Fig 7.

Simplified illustration of muscle spindle development showing the acquisition of sensory (s) and motor (m) innervation (based upon Kucera et al. 1989) and MyHC expression (based upon Pedrosa & Thornell, 1990). The earliest contacts between afferent terminals (s) and muscle cells, in rat soleus, are detectable on the 17th day of gestation (17F). Up till the 20th day in utero (20F), the nuclear bag₂ myotubes (b2) are innervated by several afferents. Thereafter, each muscle spindle becomes innervated by a single primary afferent as in mature spindles, and the sensory endings are distributed to both immature nuclear bag₂ and bag₁ (b1) fibres and to the single intrafusal myoblasts that are the precursors of the nuclear chain fibres (c). Also by the 20th day in utero, the gamma motor innervation (arrowhead) reaches the muscle spindles initially innervating only the bag₂ fibres.
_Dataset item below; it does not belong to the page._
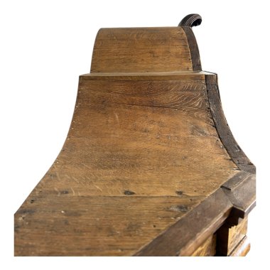 Beautiful and unique Dutch baroque style cabinet with many glazings. The furniture is made of oak wood and covered with walnut veneer (burl). The cabinet consists of two parts - upper and lower. The upper part is a glass display case, with three shelves mounted at a fixed height, made of pine wood (newer than the furniture). The whole is topped with a beautiful and richly decorated crown. The upper part is folded into 6 small parts. The lower part has 3 drawers with amazing decorative curves. The drawers have brass handles, without locks.
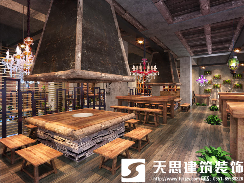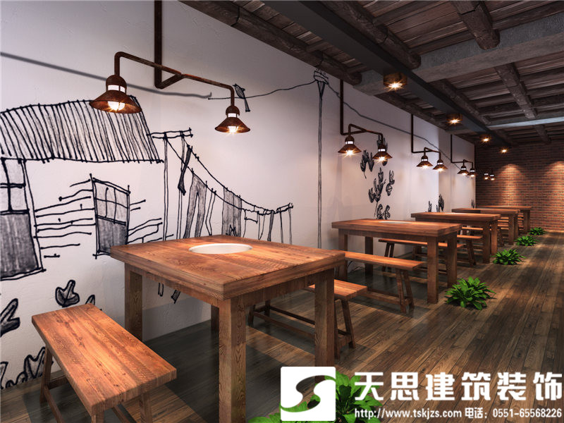 此案有別于通常的火鍋店設(shè)計,沒有明艷的色澤和雜亂的修飾,更沒有一覽無余的空間鋪排,在以市場經(jīng)濟為首的時代,歸本主義的設(shè)計風(fēng)格,顯得尤為獨特和罕見。采用天然材質(zhì)設(shè)計空間,以原木為主基調(diào),輔以清水混凝土和斑駁鋼鐵整合空間構(gòu)架,加上簡約時尚的設(shè)計手法,整個火鍋店溫暖愜意的氛圍在設(shè)計里自然彌漫。

The nuclear bag₁ and chain fibres acquire motor innervation later. Nuclear bag₂ precursors are identifiable under light microscopy from the 17th day of gestation as the only primary myotubes expressing slow-tonic MyHC (sto), in addition to slow-twitch (stw) and neonatal (nn) MyHC. They acquire reactivity to anti-α-cardiac MyHC (a) by the 21st day of gestation. The future nuclear bag₁ fibres are first seen at 19 days in utero as secondary myotubes in close apposition to the primary STO myotubes. Initially they express only neonatal MyHC and acquire reactivity to anti-slow-tonic and anti-slow-twitch MyHC 2 days later. Shortly before birth, the nuclear chain fibre precursors are identifiable as a 3rd myotube in each spindle strongly stained with anti-neonatal MyHC only. Three days after birth, the 2nd nuclear chain precursor arise and display a profile of reactivity identical to the 1st nuclear chain precursor. From Pedrosa et al. (1990).